Conventional potatoes mostly contain pesticides
Ideally, only buy untreated potatoes (preferably organic). This recommendation is also repeatedly passed on by the chemical and veterinary investigation office in Stuttgart. In the period from 2016 to 2020, analyzes of a total of 228 potato samples from conventional cultivation showed that 212 of these samples (93 percent) contained pesticide residues. 177 samples contained multiple residues and the statutory maximum levels were even exceeded in 10 samples. The discovered pesticides were e.g. B. to:
Fosthiazate was approved in the EU in 2004 and is mainly used in potato cultivation to kill nematodes and insects. In 2020, a study showed that the active ingredient is much more polluting than previously thought.
The herbicide glufosinate was classified by the Federal Ministry of Food and Agriculture as reproductively toxic in relation to mammals and humans and is therefore no longer permitted in Germany. However, this does not prevent the German company BASF from continuing to export glufosinate to Brazil. The herbicide is also still used in some EU countries and in Switzerland (as of August 2021).

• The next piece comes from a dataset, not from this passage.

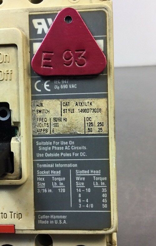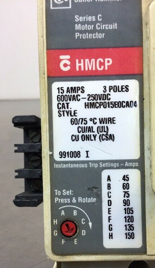 CUTLER HAMMER HMCP015E0CA04 /C CIRCUIT BREAKER 15A, 600VAC-250VDC 4E-2
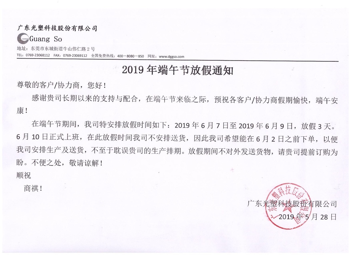 尊敬的客户/协力商,您好!感谢贵司长期以来的支持与配合!在端午节来临之际,预祝各位客户/协力商假期愉快,端午安康。在端午节放假期间,我司特安排放假时间如下:2019年6月7日至2019年6月9日放假,共三天,上班时间为2019年6月10日。因此我司特希望各客户能在6月2日前下单,以便我司安排生产及送货,不至于耽误贵司生产排期。放假期间不对外发送货物,请贵司订购为盼。不便之处,敬请谅解!

The herbicide haloxyfop was removed from the list of permitted active substances in the EU in December 2020, but is still permitted in other countries such as Switzerland. Animal studies have u. shown that the active substance impairs the function of the liver and kidneys and reduces the ability to reproduce.
Germ inhibitors are harmful
Conventionally produced potatoes are not only treated with chemicals before but also after harvesting, which are intended to prevent the potatoes from sprouting prematurely. Until 2020, the germ inhibitor chlorpropham was primarily used (more than 50 percent of the tubers contained residues), which was banned due to a possible health risk to humans and animals (e.g. cancer, damage to the liver and kidneys).
The germ inhibitor 1,4-dimethylnaphthalene is now used as an alternative, which is known to be extremely toxic to aquatic organisms – and that’s in the long term.
Organic tubers are better
It is not uncommon to hear or read that it doesn’t matter whether you buy products from conventional or organic cultivation. The chemical and veterinary investigation office in Stuttgart, which carries out analyzes of all kinds of food year after year, vehemently contradicts this.
In the years 2016 to 2020, a total of 44 samples of organic potatoes were examined for pesticide residues. Residues were only identified in 2 samples and in principle no multiple residues at all. Germ inhibitors can also be ruled out with organic tubers. Potatoes usually contain organic where it says organic.